Futebol é com os romenos

Harry, o zelador do prédio onde moro, parece que é pago para assistir futebol. Se o elevador quebra, a neve forma icebergs na porta da garagem ou dá a louca no aquecimento central, os moradores têm de esperar o apito final de algum juiz. Não importa que a partida do momento seja um amistoso entre dois times do Timor Leste. O homem faz acompanhamento ludopédico sistemático e globalizado.

Perguntem-lhe sobre um zagueiro do Azerbaijão e o torcedor onipresente saberá que o sujeito está com um problema sério na panturrilha.
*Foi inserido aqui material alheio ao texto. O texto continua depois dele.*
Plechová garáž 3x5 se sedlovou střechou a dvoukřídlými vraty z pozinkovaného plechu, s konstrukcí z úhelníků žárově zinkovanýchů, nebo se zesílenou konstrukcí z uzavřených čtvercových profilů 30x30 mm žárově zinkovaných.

Que diabos! O cara conhece boleiros do Brasil de quem eu nunca ouvi falar. Por isso, seu mocó – um estúdio no térreo, que virou oficina – é o teatro perfeito para se assistir uma Copa do Mundo.

A organização é impecável. Vários televisores – todos de alta definição e com telões do tamanho de uma vitrine de shopping – estão espalhados pelo recinto. São aparelhos herdados de moradores que jogaram no lixo itens em perfeito estado, na corrida para fazer upgrade dos modelos durante a época de crédito fácil. Tem-se também sofás confortáveis como os de casa de mãe. Uma escrava baixinha e gorda, cujo título oficial é o de “esposa do Harry”, traz no intervalo acepipes e refrescos. Durante o jogo, nada de comida: só cervejas geladinhas acomodadas em refrigeradores de segunda mão, mas turbinados para gelar até o rabo do capeta.
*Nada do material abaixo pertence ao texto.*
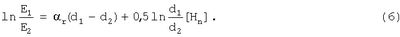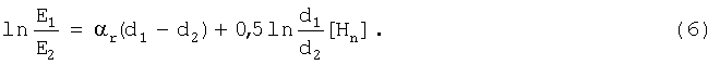 Натуральный логарифм отношения измеренных напряженностей поля медленной поверхностной волны пропорционален величине коэффициента затухания r, характеризующего диэлектрическую проницаемость жидкости:

Ala reunidos estão os suspeitos de sempre: a tribo de ciganos romenos liderados por Harry, o poderoso chefão de Bucareste. Dois peruanos e um equatoriano que cuidam do lixo no prédio vizinho. Seis mexicanos responsáveis pela jardinagem de toda a rua. Uns 10 paquistaneses que fazem reparos na parte estrutural do edifício (e digo “uns 10”, porque acho que um deles é, na verdade, de Bangladesh). Completando a galera tem um italiano, um argentino e eu.
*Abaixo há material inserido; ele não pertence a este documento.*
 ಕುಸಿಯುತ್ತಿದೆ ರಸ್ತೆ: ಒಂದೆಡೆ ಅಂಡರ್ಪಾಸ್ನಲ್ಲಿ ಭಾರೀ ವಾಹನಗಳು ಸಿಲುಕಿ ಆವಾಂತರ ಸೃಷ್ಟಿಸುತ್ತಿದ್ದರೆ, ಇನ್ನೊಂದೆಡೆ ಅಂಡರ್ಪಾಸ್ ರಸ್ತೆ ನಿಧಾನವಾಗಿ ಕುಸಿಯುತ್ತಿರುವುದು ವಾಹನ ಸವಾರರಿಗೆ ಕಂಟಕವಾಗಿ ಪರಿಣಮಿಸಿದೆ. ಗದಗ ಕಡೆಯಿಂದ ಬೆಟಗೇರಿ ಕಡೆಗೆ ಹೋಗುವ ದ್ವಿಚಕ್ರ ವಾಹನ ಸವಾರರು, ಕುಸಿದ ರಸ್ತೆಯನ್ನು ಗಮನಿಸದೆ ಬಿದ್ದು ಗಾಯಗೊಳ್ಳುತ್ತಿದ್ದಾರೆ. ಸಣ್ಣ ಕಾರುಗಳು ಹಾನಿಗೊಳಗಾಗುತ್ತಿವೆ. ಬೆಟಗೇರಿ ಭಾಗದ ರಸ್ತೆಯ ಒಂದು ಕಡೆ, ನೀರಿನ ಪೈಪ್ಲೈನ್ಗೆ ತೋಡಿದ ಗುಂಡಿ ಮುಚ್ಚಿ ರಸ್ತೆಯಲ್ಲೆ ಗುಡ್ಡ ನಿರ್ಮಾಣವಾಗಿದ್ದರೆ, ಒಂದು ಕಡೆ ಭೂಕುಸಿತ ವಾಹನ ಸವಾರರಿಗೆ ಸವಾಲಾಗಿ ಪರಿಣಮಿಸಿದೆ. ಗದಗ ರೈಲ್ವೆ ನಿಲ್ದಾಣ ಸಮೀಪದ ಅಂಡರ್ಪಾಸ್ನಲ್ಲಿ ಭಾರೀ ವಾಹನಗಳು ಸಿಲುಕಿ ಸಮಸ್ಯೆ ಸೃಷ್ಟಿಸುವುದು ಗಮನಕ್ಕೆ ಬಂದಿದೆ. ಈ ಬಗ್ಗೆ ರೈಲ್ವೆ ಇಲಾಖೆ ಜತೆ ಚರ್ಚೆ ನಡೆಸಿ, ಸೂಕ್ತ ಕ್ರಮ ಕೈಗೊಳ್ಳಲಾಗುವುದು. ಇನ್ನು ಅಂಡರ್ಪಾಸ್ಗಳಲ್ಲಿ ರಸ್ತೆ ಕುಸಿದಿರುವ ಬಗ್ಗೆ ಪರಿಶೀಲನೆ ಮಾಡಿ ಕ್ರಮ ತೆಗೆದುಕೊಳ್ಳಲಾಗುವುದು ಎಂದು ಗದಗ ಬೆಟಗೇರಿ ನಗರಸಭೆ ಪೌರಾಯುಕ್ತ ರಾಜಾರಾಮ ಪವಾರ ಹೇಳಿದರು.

Esta confraria internacional – que espelha a babel de Times Square – vem se reunindo diariamente, no Bronx, durante às manhãs e inícios de tardes para assistir a Copa da África. Todos se julgam PhDs em futebol. Mas nem sempre concordam entre si. Por exemplo: o italiano e o argentino secam o Brasil. Às vezes são reforçados por dois mexicanos, que agora – depois da derrota de seu país para o time de Maradona – viraram a casaca e estão com os Canarinhos. Metade dos paquistaneses torcia para a Inglaterra, até a eliminação desta seleção. Agora dizem que são holandeses desde criancinhas. O resto do grupo segue o poderoso padrino Harry, que é apaixonado pelo Brasil. Seu fanatismo vai a tal paroxismo, que durante a Copa de 2002 ele estava de férias em Bucareste e assombrou seus patrícios ao envergar um boné amarelo da CBF, gritando a todo pulmão incentivos àqueles que chegaram ao pentacampeonato.

Depois do jogo Brasil 3 X 0 Chile, a comemoração foi tal, que por pouco não tiraram do baú os violinos, sanfonas e pandeiros para uma legítima festança cigana. De minha parte, agarrei o pandeiro e cantei um samba. Até o argentino fez coro no estribilho de Barracão de Zinco. O italiano alertou que a Holanda seria osso duro de doer. Ninguém lhe deu ouvidos no meio da fuzarca. Afinal, todos sabemos que, em futebol, o que vale é o resultado mais recente.